La monétisation partielle du congé de reclassement est prévue par les dispositions 9.5 et l’indemnité de solution professionnelle au paragraphe 9.5.3. L’article 9.5.2 prévoit, au bénéfice du salarié porteur d’un projet « à finaliser », qu’en cas de « finalisation rapide du projet pendant le congé de reclassement le collaborateur pourra bénéficier d’une indemnité de solution professionnelle selon les modalités définies au 9.5.3 ».
Etant précisé que la salariée fait partie des collaborateurs porteurs d’un projet « à finaliser » et âgée de 30 ans et plus ou ayant au moins quatre ans d’ancienneté, le dispositif mis en place pour solliciter l’indemnité est précisé à l’article 9.5.3 qui indique : « le collaborateur qui a finalisé son projet dans les 12 premiers mois du congé (préavis inclus) pourra y mettre fin et bénéficier alors d’une indemnité de solution professionnelle » et dans son dernier paragraphe que « le collaborateur devra demander la fin de son congé et le bénéfice de l’ISP par courrier recommandé adressé à son ancien DRH en fournissant les éléments justificatifs quant à la finalisation du projet’ ». Cet article prévoit donc un processus en trois étapes : la finalisation du projet, la demande de sortie du congé et l’obtention de la monélisation du délai restant à courir. L’adverbe « alors » contenue dans l’article vient ponctuer ce dispositif.
Ainsi, la cour retient de l’analyse de l’ensemble des textes relatifs à l’ISP que toutes les dispositions de l’accord prévoient que le salarié doit se trouver en congé de reclassement au moment de la finalisation de la création de son entreprise. Ce principe est réaffirmé dans l’article 4 du protocole de rupture du contrat de travail qui indique : « En cas de finalisation rapide du projet dans les 12 premiers mois de congé de reclassement Mme [C] pourrait mettre fin à son congé de reclassement de façon anticipée et percevoir dans le cadre de son solde de tout compte une indemnité de solution professionnelle dont le montant dépendra de la durée restant à courir jusqu’au douzième de congé’La demande de fin anticipée du congé de reclassement doit être adressée par courrier recommandé avec accusé de réception à la DRH [Adresse 2] et être accompagné des justificatifs démontrant la finalisation du projet ».

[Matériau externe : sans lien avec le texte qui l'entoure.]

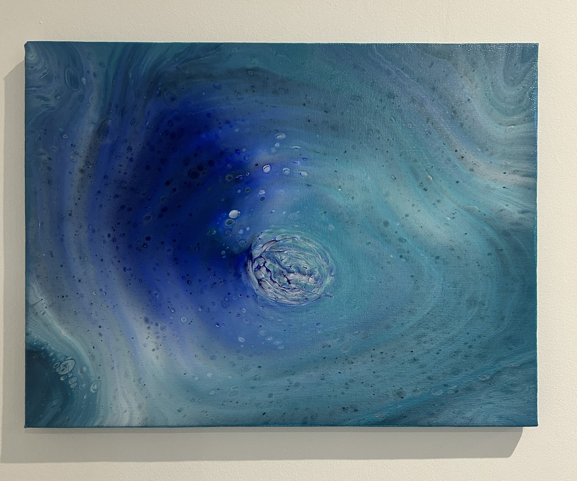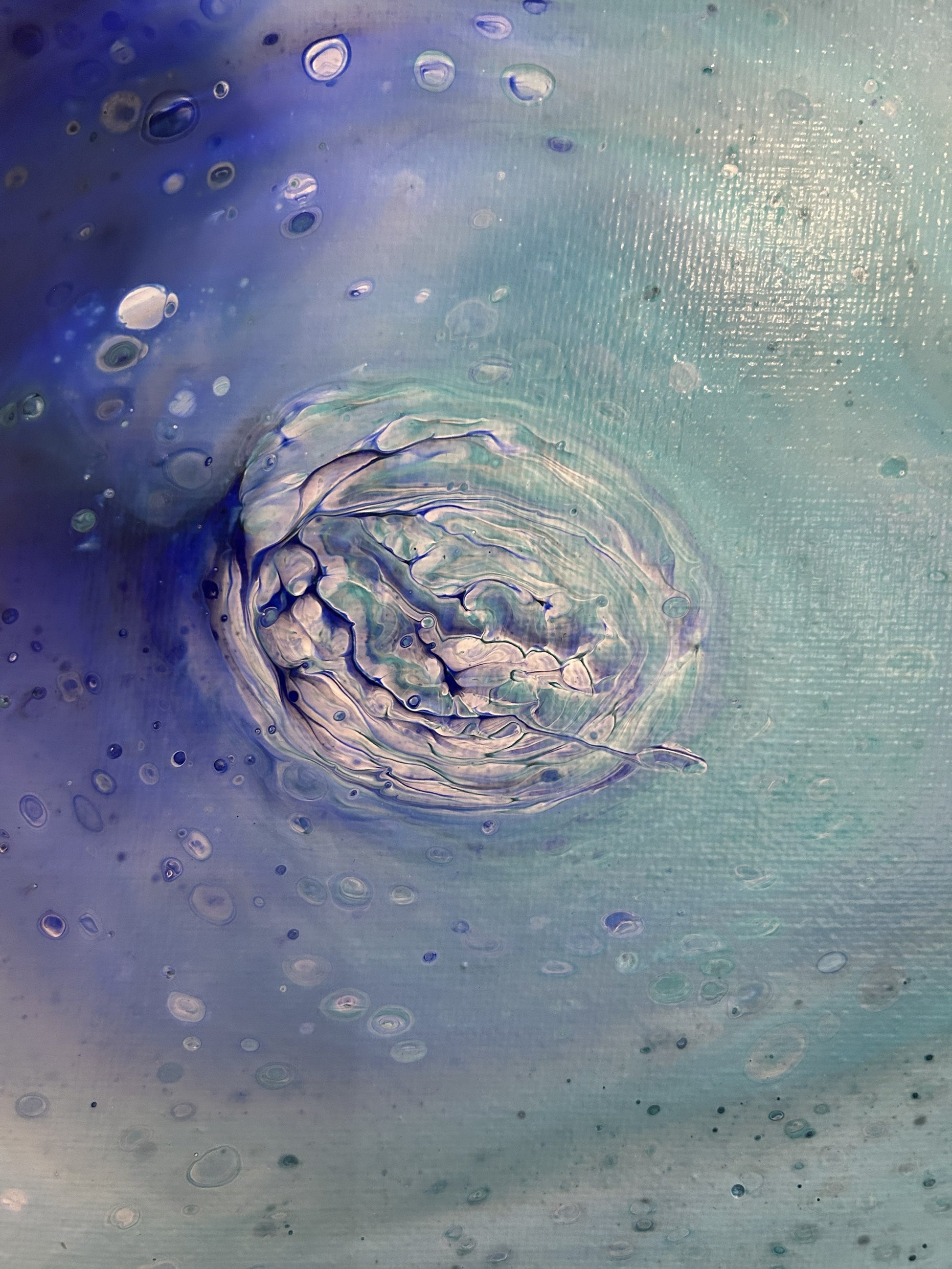 Greens and blues softly blend together, cells providing details. A relaxing piece to add serenity to any space.

L’article 11. 1 de l’accord envisage l’hypothèse où le projet ne serait pas finalisé au terme du congé de reclassement. Dans ce cas, il est prévu que « les salariés actifs dans la mise en 'uvre de leur projet personnel qui n’auraient pas finalisé leur projet pendant le congé de reclassement pourront bénéficier d’une prolongation de l’accompagnement sur avis favorable de l’espace emploi et dans les conditions établies jusqu’à la finalisation du projet. ».
Mme [C] avait ainsi connaissance des conséquences de sa demande de sortie du congé de reclassement. C’est dans ce contexte qu’elle a rédigé l’attestation annexée au courrier du 18 septembre 2017 qui indique : « Je soussignée, Madame [C] née le 21 juillet 1982 porteur d’un projet professionnel à finaliser de création validée par la commission de validation des projets du 30 mars 2017 déclare que mon projet est prêt à être mis en 'uvre. À ce titre, je demande la sortie anticipée du congé de reclassement en date du 10 octobre 2017. Je m’engage de ce fait à créer mon entreprise/activité dans les deux mois maximum qui suivent la date de sortie du congé de reclassement soit avant le 10 décembre 2017 afin que me soit partiellement monétisé le congé de reclassement par le versement de l’Indemnité de Solution Professionnelle (ISP) dans les conditions prévues par les dispositions de l’accord majoritaire du 19 octobre 2016. J’ai bien noté que ce calcul de l’ISP se fera à la date de l’immatriculation de mon activité et qu’au-delà de ce délai de deux mois, je ne pourrais plus prétendre à son versement à SFR Distribution ».
Il ressort du courrier du 18 septembre 2017 que ce souhait de sortir du congé de reclassement était guidé par une volonté de pouvoir percevoir les aides éventuelles à la création d’entreprise ouvertes dans le cadre de Pôle Emploi. Il résulte aussi de la lecture de ces documents qu’en raison de la proche finalisation du projet, la société a consenti à octroyer un délai supplémentaire de deux mois à la salariée pour finaliser son projet au-delà du terme fixé pour sortir de son congé de reclassement. La salariée prétend dans ses conclusions qu’un autre délai d’un mois lui avait été consenti mais n’en justifie pas.
Au vu de l’ensemble de ces motifs, la cour constate que la salariée ne se trouvait plus dans les conditions pour pouvoir bénéficier des dispositions de l’accord majoritaire de 2016 et que c’est donc à juste titre que le conseil des prud’hommes a rejeté sa demande en paiement de l’ISP. Le jugement sera donc confirmé sur ce point.
Sur la discrimination syndicale
Aux termes de l’article L. 2141-5 alinéa 1 du code du travail, il est interdit à l’employeur de prendre en considération l’appartenance à un syndicat ou l’exercice d’une activité syndicale pour arrêter ses décisions en matière notamment de recrutement, de conduite et de répartition du travail, de formation professionnelle, d’avancement, de rémunération et d’octroi d’avantages sociaux, de mesures de discipline et de rupture du contrat de travail.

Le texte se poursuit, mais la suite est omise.